(1.) THIS appeal arises from Order -in -Original No. 22/03 dated 2.9.2003 by which the Commissioner has confirmed demands in terms of the show cause notices. The Revenue proceeded to include the advertisement expenses, marketing expenses in respect of intermediate goods cleared to the sister unit of the assessee under Section 11A of the CE Act 1944. The appellant's contention is that these elements cannot be added in the assessable value as held by the Tribunal in the case of BMF Beltings Ltd. v. CCE, Hyderabad , Premier Irrigation Equipment Ltd. v. CCE, Kolkata -VII , Tecumseh Products India Ltd. v. CCE, Hyderabad -I ; Arthi Industries Ltd. v. CCE, Vapi ; National Aluminium Co.
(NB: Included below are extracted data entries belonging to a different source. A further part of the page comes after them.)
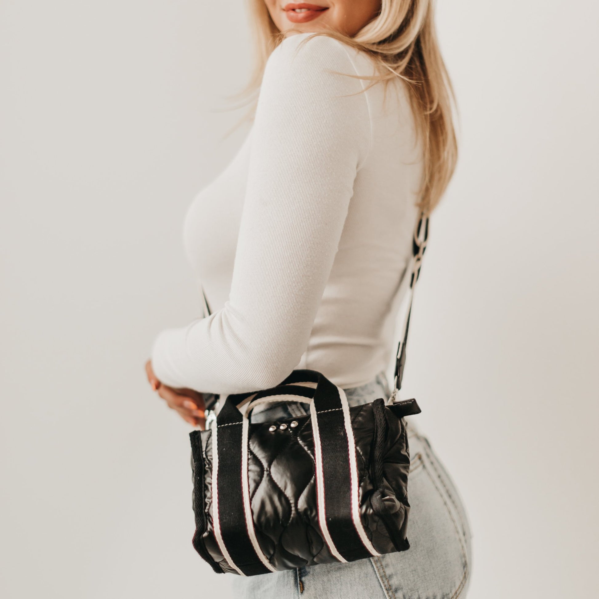 Mini Molly Quilted Crossbody Bag is our latest addition to the 3 Sisters Collection! This high-quality lightweight, quilted mini purse will allow you to go hands-free in style! Spacious enough for your phone and a small wallet, with a trendy shiny patent quilted fabric.
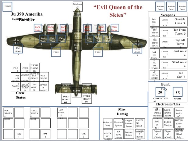 Greg: The two starting bombers are the Fw300 and the Me364. As time goes by, a player can upgrade (if they wish) to the Ju390, the Ta400, and finally the Arado E555.
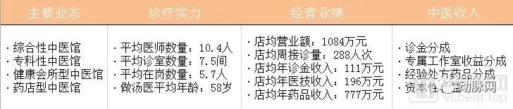 根据《中医药馆》期刊的普查调研,全国约有5.5万家中医类医馆,包含国医馆、中医馆和中医诊所三类,行业收入约170亿元。国医馆代表了医馆的较高水平,根据对全国578家国医馆运营情况的统计分析,国医馆的盈利模式仍以药品销售为主,国医馆平均医师数量10.4人,平均诊室数量7.5间,每年平均营业额1084万元/店,主要由诊金收入、医技收入、药品收入三部分构成。
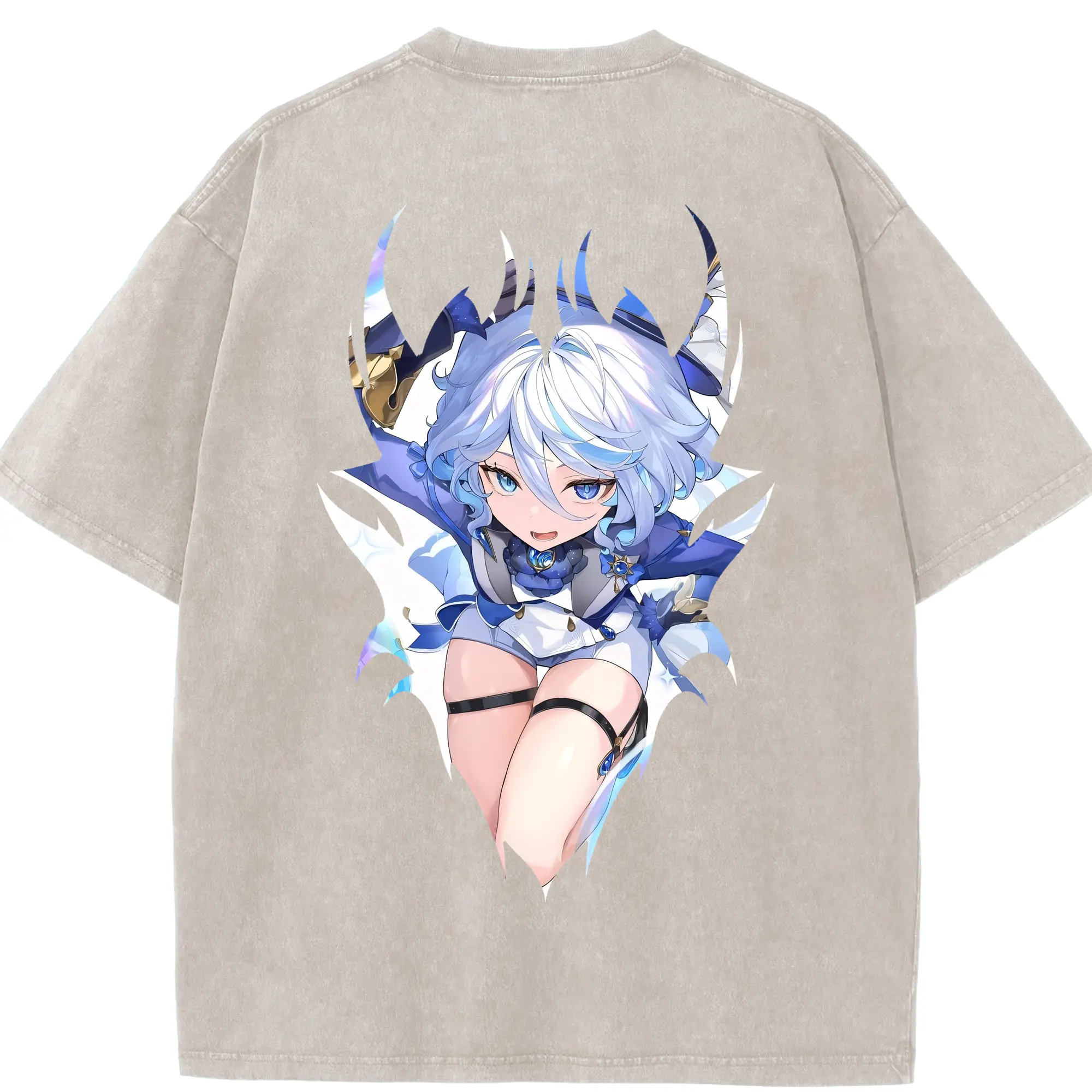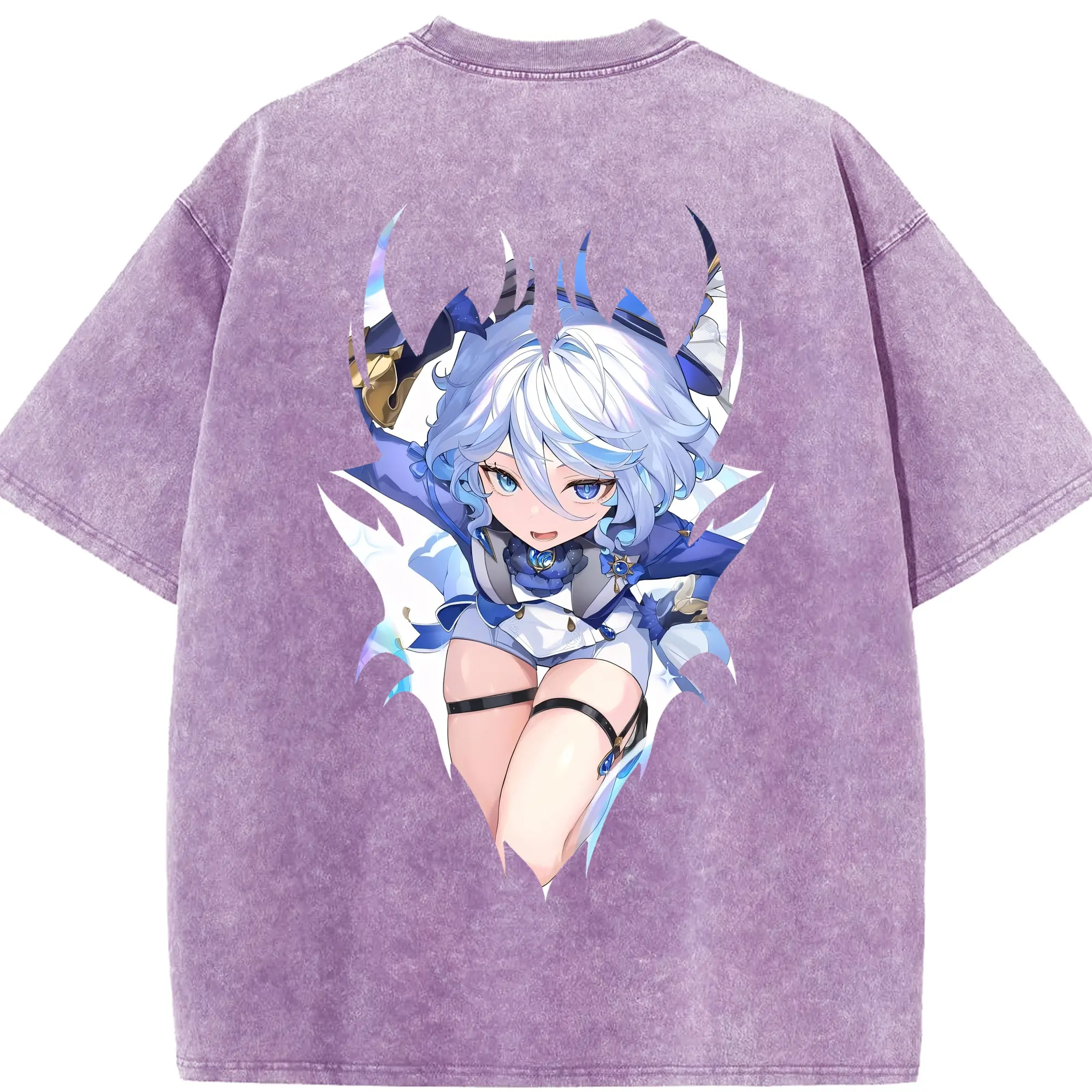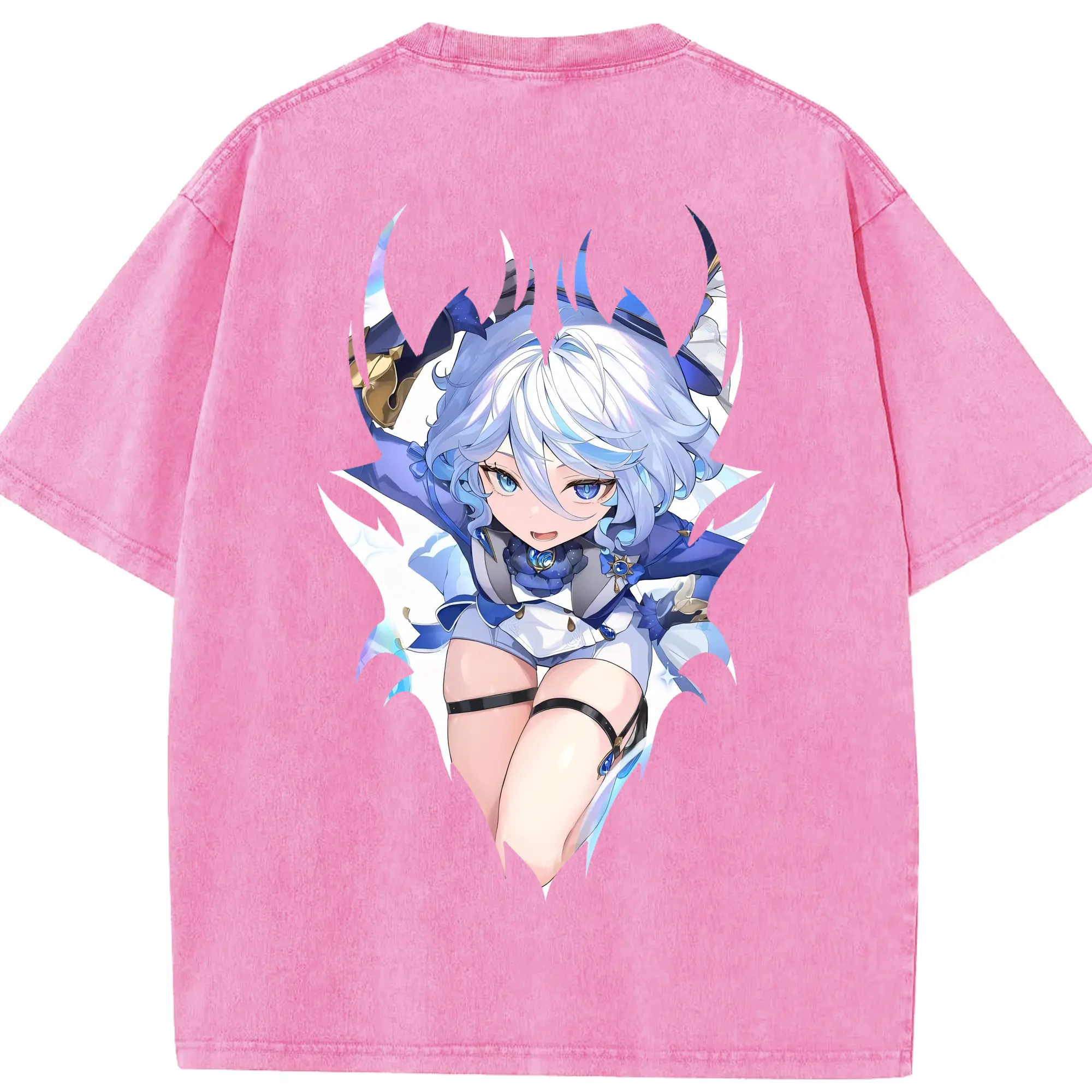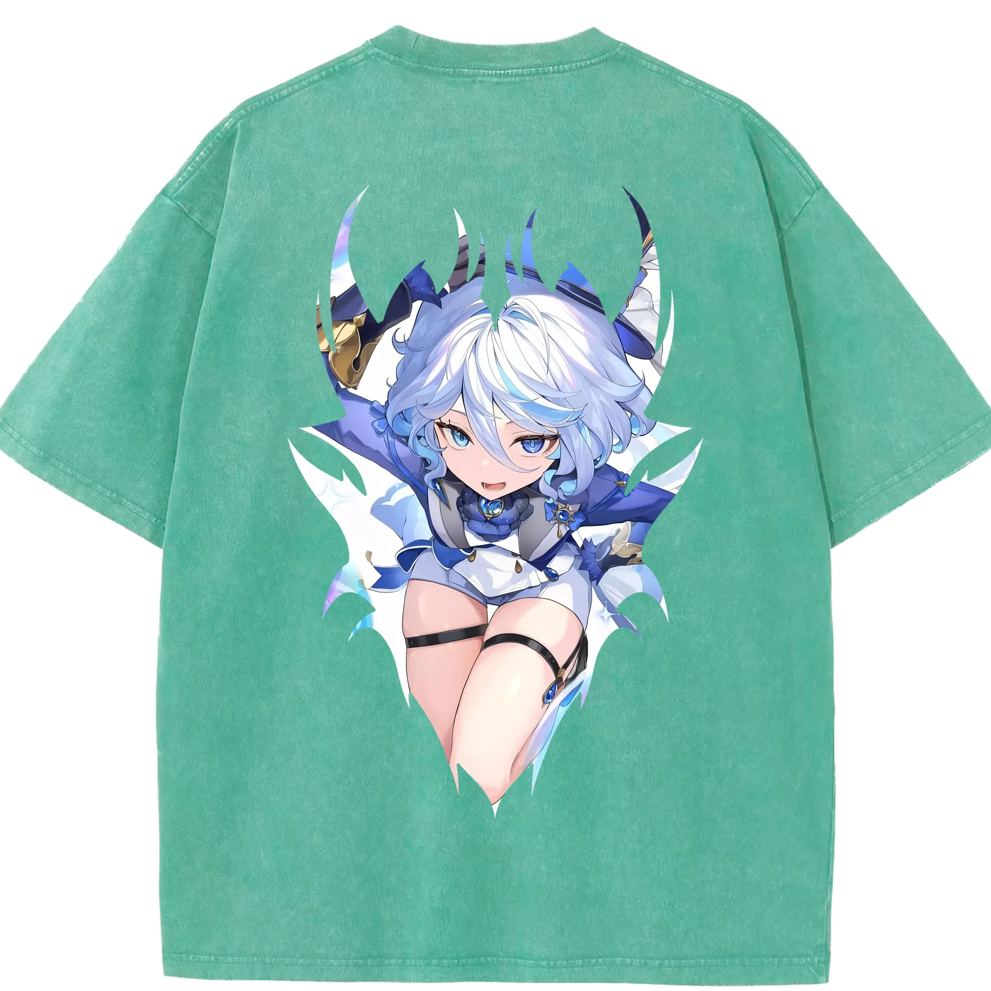 原 神 グッズ フリーナ - 綿100% ヴィンテージ風 半袖Tシャツ ・ フロントプリント ・ 柔らか肌触り ・ 通気性 快適 ・ スポーツ カジュアル 外出用
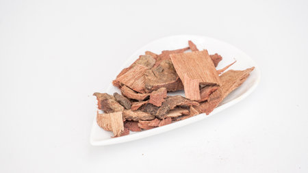 Cassia Fistula, Golden Shower tree bark, Khiar Shambar, Sonalu with Wooden mortar on white background. Ayurveda.
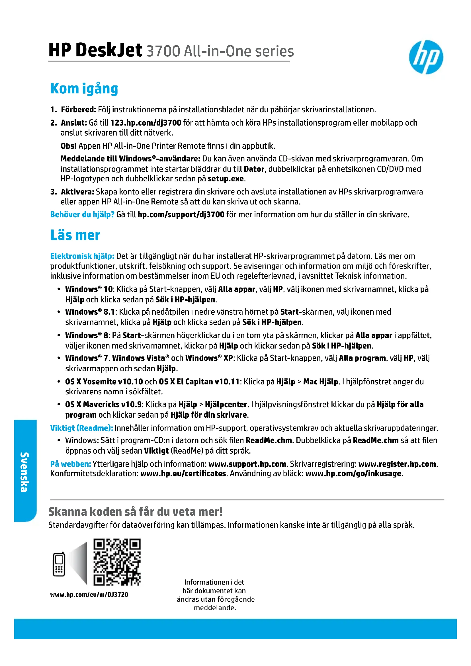 - Windows: Sätt i program-CD:n i datorn och sök len ReadMe.chm. Dubbelklicka på ReadMe.chm så att len öppnas och välj sedan Viktigt (ReadMe) på ditt språk. På webben: Ytterligare hjälp och information: www.support.hp.com. Skrivarregistrering: www.register.hp.com. Konformitetsdeklaration: www.hp.eu/certicates. Användning av bläck: www.hp.com/go/inkusage. HP DeskJet 3700 All-in-One series Skanna koden så får du veta mer! Standardavgifter för dataöverföring kan tillämpas. Informationen kanske inte är tillgänglig på alla språk.Informationen i det här dokumentet kan ändras utan föregående meddelande.Svenska

Ltd. v. CCE, Bhubaneswar -I . It is also brought to the notice of the Bench that the Board also issued a circular in 2003 holding that these elements cannot be added in the assessable value when the intermediate goods are cleared to the sister units.
(2.) THE learned JDR submitted that the Circular of 1996 would apply as it pertains to period 1996 -97 and 1997 -98, which directed for including these two elements in the assessable value.
(3.) ON a careful consideration, we notice that the Tribunal in the BMF Belting Ltd. (supra) dealt with regard to the period from November 1995 to October 2000. In this case noting the judgment of GOI v. MRF Ltd. ; Jay. Yuhshin Ltd. v. CCE; UOI v. Bombay Tyre International Ltd. reported in 1983(14) ELT 1896 (SC). The Tribunal clearly held that when there is a stock transfer of the goods to their sister units, then selling expenses and administrative overheads like marketing, project management, corporate office expenses are to be excluded as they cannot be selling to self. The above view was affirmed by the above cited judgments, therefore the issue is fully covered by these judgments and the confirmation of demands on these elements is not correct in law. Respectfully following the ratio of these judgments, the impugned order is set aside and the appeal is allowed.